▸ Problem to work on
Copy nothing but the text: reproduce each line of the listing exactly and leave the pictures out.
-- Data section follows --
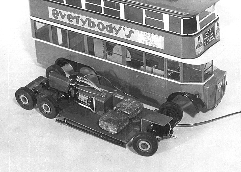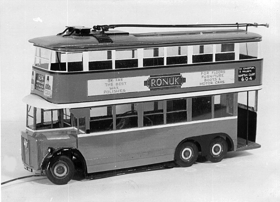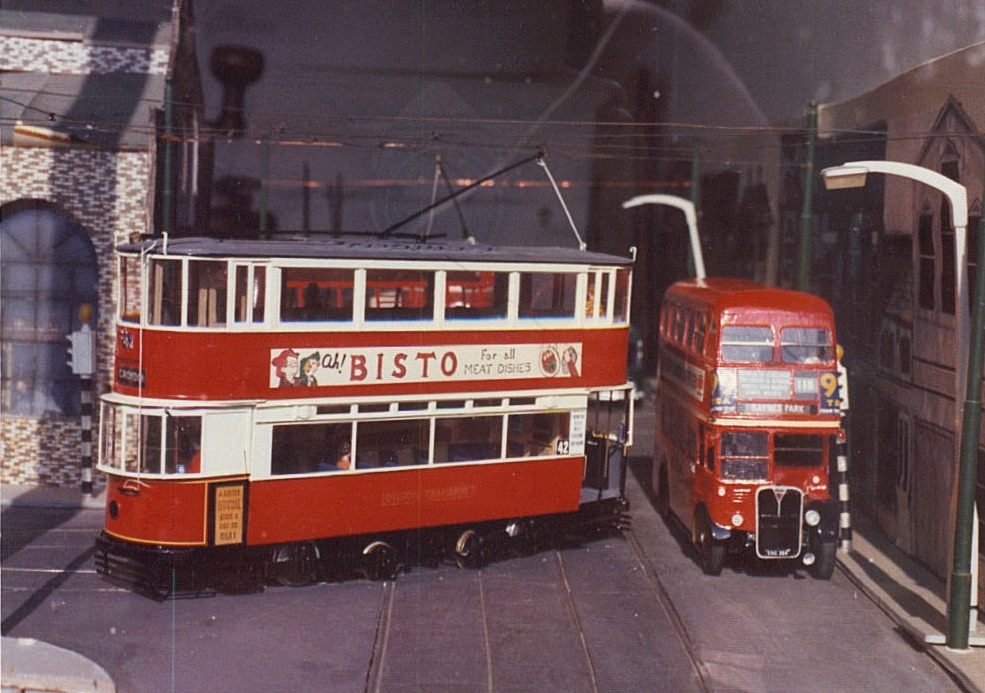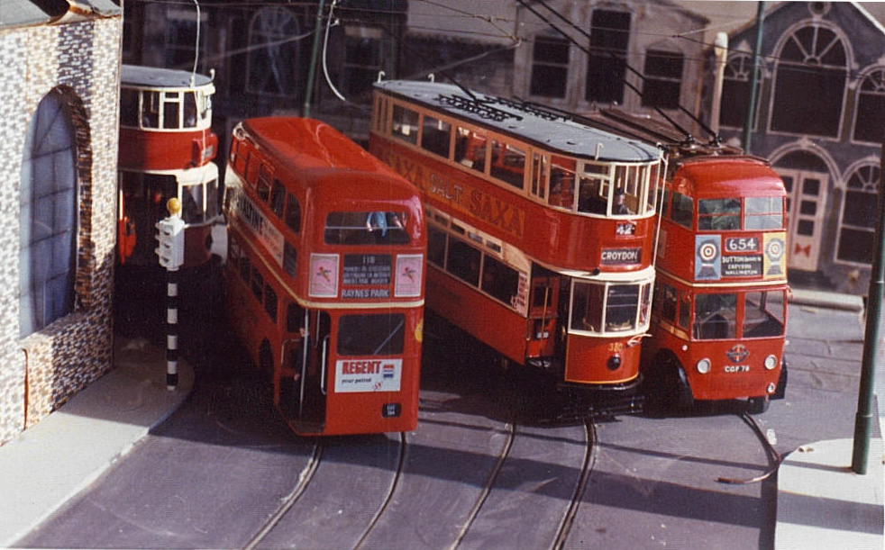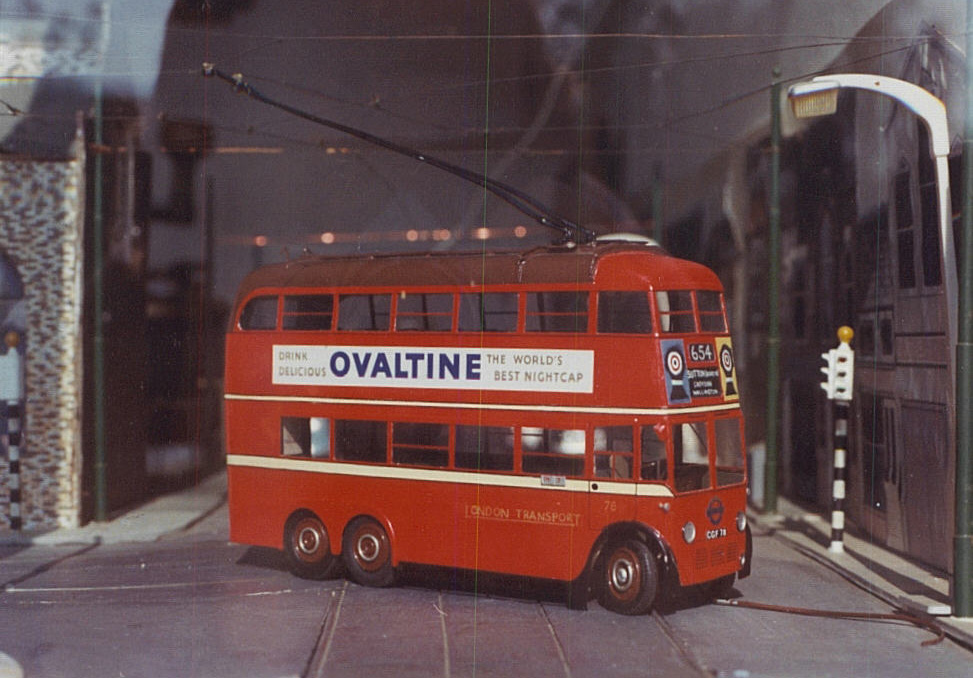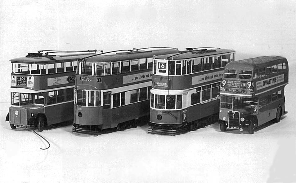 ![]() Picture TR2 London Transport collection. Left to right, E/3 tram No. 1905, RT2056 bus, Rehabilitated ex Croydon Corporation E/1 tram No.380 and B1 Trolleybus No.78 all scratch built around 1962 and still running in 2000 except the RT which is static. |
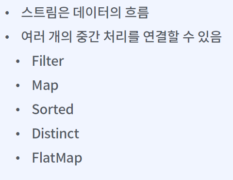 - For, while 등을 이용하던 기존 loop를 대체한다.(Stream을 배우면 For, while을 사용할 일이 없다고 한다.)
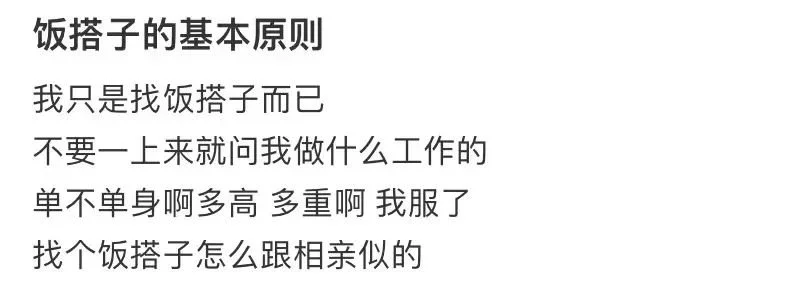 找不到對象的薄荷,覺得找個飯搭子週末出去走走也不錯。他驚喜地發現,同樣的條件在相親界無人搭理,但飯搭子界卻格外寬鬆——沒人在乎他互聯網大廠的title,“成為飯搭子只需要你有張嘴,能A錢。”
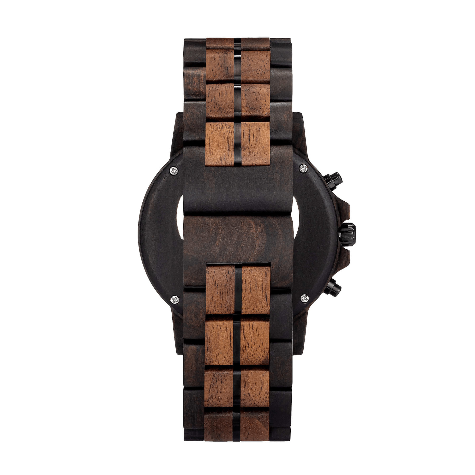If there ever was a pinnacle of wood-working expertise in perfect union with watch making precision, this would be it. We've reached the Apex. The Cascade timepiece delivers uncompromising accuracy using a Japanese Miyota OS00 movement with vertical chronograph and date window - a first for wood watches. The bold walnut wood bezel and black stainless steel single link band offers watch aficionados what they've been craving in a piece as unique as this. Housed in a 45mm case with sapphire coated glass display, the Cascade is built for the longest journeys and made to last.
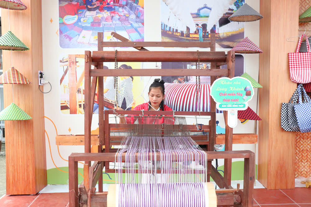 Không gian Lễ hội còn kết nối với các làng nghề truyền thống khác trên địa bàn tỉnh Đồng Tháp. Người dân trải nghiệm dệt khăn choàng - Làng nghề dệt choàng Long Khánh trăm năm tuổi
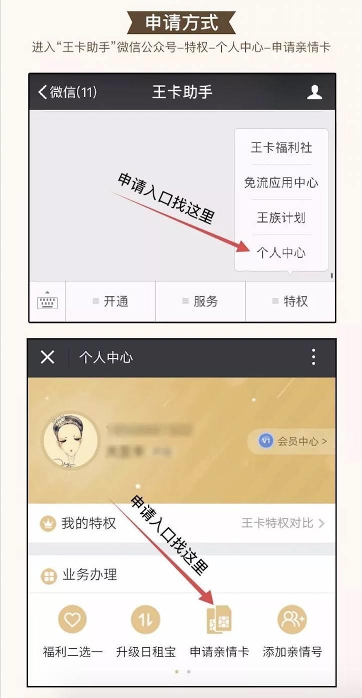 用户打开微信,搜索“王卡助手”,关注并点击打开:特权-个人中心-申请亲情卡
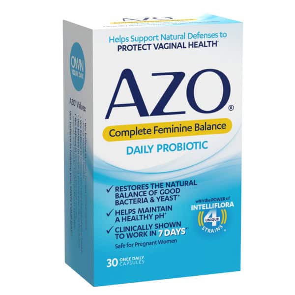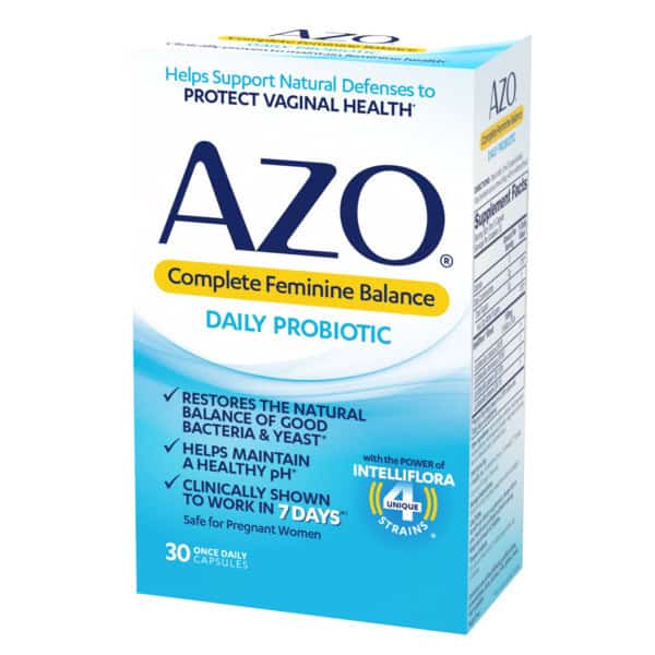 • PROBIOTICS FOR WOMEN Why AZO? Maintaining feminine health is quite a balancing act. Life happens fast and stress, your period, sex, hygiene, and even certain medications can disrupt your vaginal environment and throw off pH, leaving you feeling anything but balanced
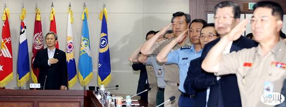 24일 오후 서울 용산구 국방부 중회의실에서 열린 차기전투기 선정을 위한 방위사업추진위원회 회의에서 김관진 국방부 장관을 비롯한 참석자들이 국민의례를 하고 있다.
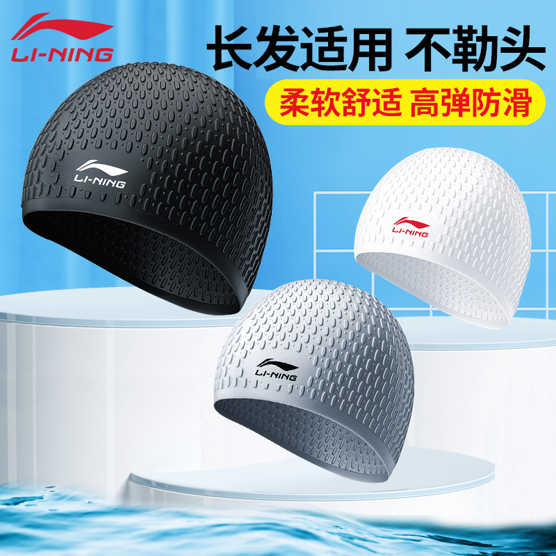 Li Ning, силиконовая плавательная шапочка, водонепроницаемая детская ткань, плавательный аксессуар, шапка
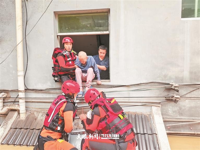 6月24日,消防隊員在黔東南州受災區救助受災羣眾。 (黔東南州消防救援支隊供圖)
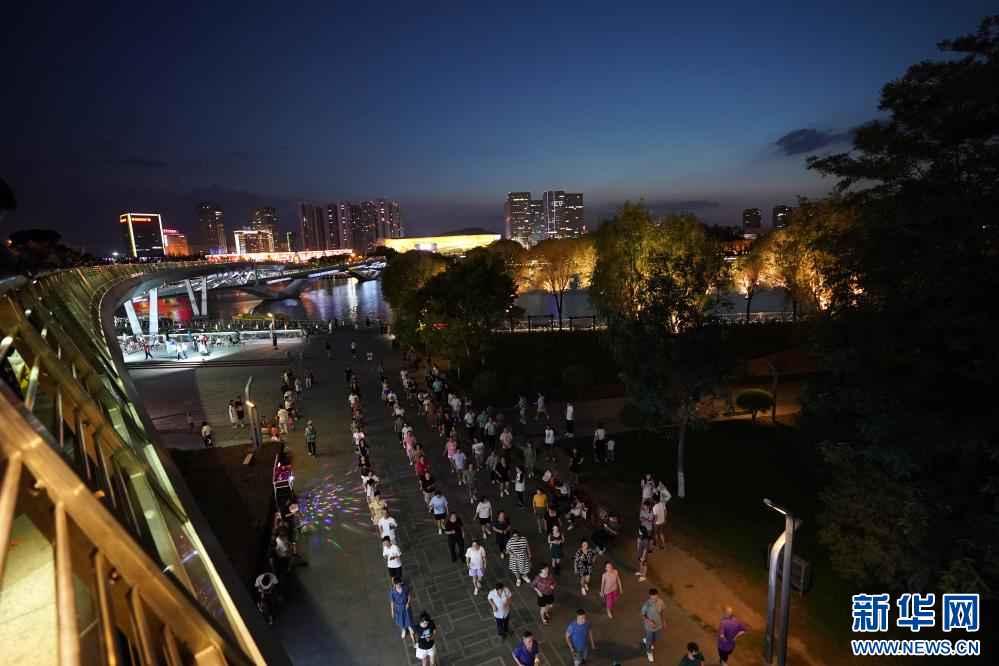 人们在太原市汾河景区跳舞(7月25日摄)。
-- Data section concluded --
▸ Exercise output
 ![]() Picture TR2 London Transport collection. Left to right, E/3 tram No. 1905, RT2056 bus, Rehabilitated ex Croydon Corporation E/1 tram No.380 and B1 Trolleybus No.78 all scratch built around 1962 and still running in 2000 except the RT which is static. |
 - For, while 등을 이용하던 기존 loop를 대체한다.(Stream을 배우면 For, while을 사용할 일이 없다고 한다.)
 找不到對象的薄荷,覺得找個飯搭子週末出去走走也不錯。他驚喜地發現,同樣的條件在相親界無人搭理,但飯搭子界卻格外寬鬆——沒人在乎他互聯網大廠的title,“成為飯搭子只需要你有張嘴,能A錢。”
If there ever was a pinnacle of wood-working expertise in perfect union with watch making precision, this would be it. We've reached the Apex. The Cascade timepiece delivers uncompromising accuracy using a Japanese Miyota OS00 movement with vertical chronograph and date window - a first for wood watches. The bold walnut wood bezel and black stainless steel single link band offers watch aficionados what they've been craving in a piece as unique as this. Housed in a 45mm case with sapphire coated glass display, the Cascade is built for the longest journeys and made to last.
 Không gian Lễ hội còn kết nối với các làng nghề truyền thống khác trên địa bàn tỉnh Đồng Tháp. Người dân trải nghiệm dệt khăn choàng - Làng nghề dệt choàng Long Khánh trăm năm tuổi
 用户打开微信,搜索“王卡助手”,关注并点击打开:特权-个人中心-申请亲情卡
 • PROBIOTICS FOR WOMEN Why AZO? Maintaining feminine health is quite a balancing act. Life happens fast and stress, your period, sex, hygiene, and even certain medications can disrupt your vaginal environment and throw off pH, leaving you feeling anything but balanced
 24일 오후 서울 용산구 국방부 중회의실에서 열린 차기전투기 선정을 위한 방위사업추진위원회 회의에서 김관진 국방부 장관을 비롯한 참석자들이 국민의례를 하고 있다.
 Li Ning, силиконовая плавательная шапочка, водонепроницаемая детская ткань, плавательный аксессуар, шапка
 6月24日,消防隊員在黔東南州受災區救助受災羣眾。 (黔東南州消防救援支隊供圖)
 人们在太原市汾河景区跳舞(7月25日摄)。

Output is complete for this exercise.